At last, we will take the example of the object of the Esparto grass animal head that is produced all over the Iberian Peninsula and all the way down to Morocco. Animals associated to the rural and the countryside are represented such as the donkey, the bull and the sheep. But it is also very common to depict ‘exotic’ animals such as the giraffe, the gazelle, the buffalo and the elephant. We will discuss these artifacts’ mode of representation in relation to the context of the objectification of other-than-human animals, but also in terms of their agency and subjectivity. We will also look at the example of one famous Spanish artisan, Javier Sanchez Medina and the way his ‘ecological trophies’ could be interpreted to engage a paradigm of human-animal relations within the framework of subject-object and domination-submission dichotomy. The question will be raised in what way the narrative of ‘ecological trophies’ and the way the artisan poses with his artisanal trophies feed on and into the imagery of White male hunting culture and refer us back to a colonial mode of photographic representation.

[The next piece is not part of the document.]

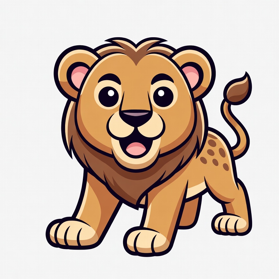 A playful cartoon lion cub stands on all fours with big expressive eyes and a wide smile. It features fluffy brown fur, spots, and a tufted tail. The illustration is vibrant and isolated on a white background.
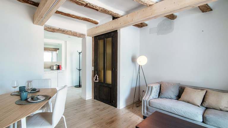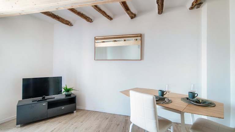 Die Ferienwohnung besteht aus einem Schlafzimmer, einem Wohnzimmer sowie einer voll ausgestatteten Küche mit Kühlschrank und Kaffeemaschine. Zudem steht ein Badezimmer mit Bidet und Dusche zur Verfügung. Handtücher und Bettwäsche werden bereitgestellt.

In comparison, we will look at the way Milena approaches her work of animal representation within her Esparto craftswomanship. She strives to continue this expression within the craft, but also aims to break with the inherent colonial narrative where otherness is more likely to be approached as something to be captivated, dominated and exposed. She decided to use the format of the mask, instead of the head, to evoke the interactive and ritual dimension that these objects convey almost instinctively, subconsciously. The mask holds an invitation to transcend our humanness and to merge, in a way, even if it is just for a short moment, with the entity that is represented. The abstract concept of otherness is embodied while putting the mask in front of our own head and seeing the world through the eyes of the animal, the creature, the beast. The masks Milena creates apply the traditional Esparto weaving techniques and are inspired in folkloric entities rooted in the regional oral history of the Algarve, such as the Zorra Berradeira. These folk stories also touch upon the topic of indigenous/traditional ways of collaborative and localized knowledge production.

The second half of the workshop will be practical and Milena will teach the participants two different weaving techniques with Esparto Grass that will lead to the production of one, or potentially two handwoven artifacts.